Wednesday, March 24, 2010

LaLee's Kin: The Legacy Of Cotton

Green Screen Film Series presented
Lalee's Kin: The Legacy of Cotton
The Academy Award-nominated Film by Susan Froemke, Deborah Dickson
and Albert Maysles, Director of Gimme Shelter & Grey Gardens

About the Film:
LaLee's Kin explores the legacy of generations of African-Americans who toiled in the cotton industry in the Mississippi Delta — a hardscrabble life of poverty and virtual illiteracy. LaLee Wallace, a former cotton picker retired on disability, is a great-grandmother struggling to support and encourage her family, while Reggie Barnes, a crusading superintendent, strives to save the failing West Tallahatchie school system from takeover by the state.
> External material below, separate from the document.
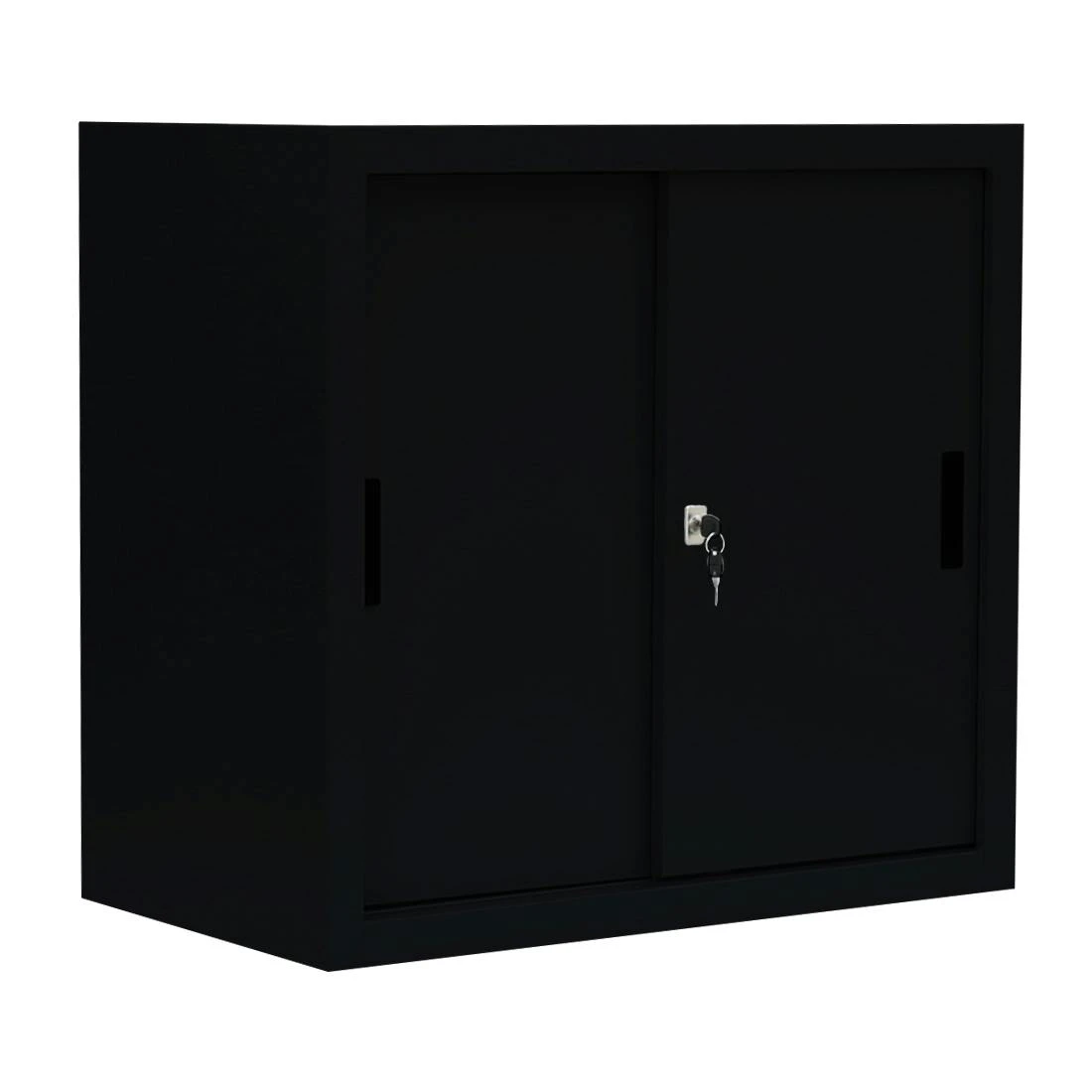 System Schiebetürenschrank BASIC mit 2 Fachböden für 3 OrdnerhöhenFronten, Mittelseiten, Seiten und Fachboden aus 16 mm, Ober- und Unterboden aus 22 mm melaminharzbeschichtetem Holzspanwerkstoff nach DIN 68765Rückwand, innen silber (keine Sichtrückwand)2 Fachboden für 3 OrdnerhöhenSchiebetüren mit Streifengriff und gleichschließendem Druckzylinderschloss5 Sockelgleiter – 10 mm höhenjustierbar durch den BodenStapelbarzerlegt im Karton zur SelbstmontageFarbe: ahornMaße: H 1100 x B 1200 x T 400 mm

LaLee's Kin adheres to the rigorous and sober-minded Maysles tradition of presenting things as they are without editorializing.

About the Filmmaker:
Albert Maysles is an award-winning documentarian and a Guggenheim fellow. Along with his brother David, he brought us the cult classics Gimme Shelter (1970) and Grey Gardens (1976). The Maysles have also worked extensively with celebrated artists Christo and Jeanne-Claude, whose monumental environmental projects were documented in Academy Award-nominated Christo's Valley Curtain (1974), Running Fence (1978), Islands (1986), Christo in Paris (1990), and Umbrellas(1995).

In addition to being nominated for an Academy Award in 2001, LaLee's Kin received the Sundance Film Festival 2001 Cinematography Award for Documentaries and the DuPont Columbia Gold Baton Award in 2004.